SUMMERSIDE - City councillors here have rejected a proposal from the province to cost-share the expense for the Canadian Intelligence Service of Prince Edward Island (CISPEI).
The service performs intelligence gathering on behalf of member agencies and is part of national intelligence program.
CISPEI was established in August of 2006 with a grant from the federal government. The bureau is integrated with the RCMP’s L Division Criminal Analysis Section and has five member agencies: RCMP L Division, and the police departments of Summerside, Charlottetown, Kensington and the now closed Borden-Carleton police service.
The funding for the program ended on March 31, 2013, and the province picked up the tab for the $451,610 service. That funding ceases on March 31, 2014 and the provincial government wants the municipalities of Summerside, Charlottetown, Kensington, Stratford and Cornwall to pick up roughly half of the cost. Each municipal share would be based on population numbers.
Under the province’s proposal, Summerside would contribute $49,610 annually to the program. Charlottetown would pay $112,750, Kensington, $4,510, Stratford, $27,060 and Cornwall $18,040. The province would make up the difference with an annual contribution of $243,540.
Council was unanimous in its opinion that the province is trying to download the costs of services and programs to the municipalities.
Acting CAO Gordon MacFarlane said a group met with the province over this proposal and questioned why only five municipalities were asked to share the burden and not the entire province.
MacFarlane said they were provided with no rationale for that decision.
Summerside Police Chief David Poirier said the CISPEI is a valuable program and has played a major role in drug enforcement and the elimination of illegal cigarettes throughout the province.
But the police chief stopped short when questioned by Coun.
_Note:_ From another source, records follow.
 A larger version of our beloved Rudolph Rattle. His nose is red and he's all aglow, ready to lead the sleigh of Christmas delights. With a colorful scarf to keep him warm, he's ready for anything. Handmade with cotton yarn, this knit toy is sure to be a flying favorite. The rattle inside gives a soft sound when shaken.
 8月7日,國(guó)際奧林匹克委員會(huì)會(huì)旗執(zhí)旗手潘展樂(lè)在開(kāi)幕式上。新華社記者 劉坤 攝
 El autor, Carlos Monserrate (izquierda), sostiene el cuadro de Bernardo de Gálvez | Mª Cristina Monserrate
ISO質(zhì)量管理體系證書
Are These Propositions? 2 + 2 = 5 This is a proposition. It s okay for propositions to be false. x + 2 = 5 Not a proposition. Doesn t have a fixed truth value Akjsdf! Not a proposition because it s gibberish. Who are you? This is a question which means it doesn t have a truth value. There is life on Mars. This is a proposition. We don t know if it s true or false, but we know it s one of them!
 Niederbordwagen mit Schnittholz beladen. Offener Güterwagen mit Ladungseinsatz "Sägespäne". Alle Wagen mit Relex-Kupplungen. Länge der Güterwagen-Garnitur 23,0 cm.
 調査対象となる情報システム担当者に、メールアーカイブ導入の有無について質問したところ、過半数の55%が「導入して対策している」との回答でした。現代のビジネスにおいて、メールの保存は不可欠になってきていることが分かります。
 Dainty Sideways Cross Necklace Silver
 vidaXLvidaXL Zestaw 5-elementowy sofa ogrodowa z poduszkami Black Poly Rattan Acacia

Frank Costa as to how much he valued the program.
Costa said the city budget is tight with very little expendable resources and asked the chief of police would he consider absorbing the cost in the police department budget even if it meant cutting other programs.
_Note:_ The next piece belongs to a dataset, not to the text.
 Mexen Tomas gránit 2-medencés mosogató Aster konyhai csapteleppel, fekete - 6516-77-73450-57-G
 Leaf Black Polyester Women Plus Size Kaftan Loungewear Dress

Deputy mayor Bruce MacDougall took a hard line against the province. He said it is just another attempt to download responsibilities onto the city and council “can’t let this happen because it is wrong.”
Coun. Tina Mundy pointed to the province’s position to overlook the mandate of the CISPEI, which states the CISPEI is “to be the provincial centre of excellence in support of law enforcement efforts to detect, reduce and prevent organized and serious crime affecting P.E.I. and Canada.”
Councillors also pointed out that the province is continually cutting funding to municipalities and that there is no clear revenue sharing formula in place and because of that, the city losses hundreds of thousands of dollars yearly.
MacFarlane said that both the provinces of New Brunswick and Nova Scotia fully fund their CIS programs.
Council directed MacFarlane and the chief of police to continue the dialogue with the province to try and resolve this issue.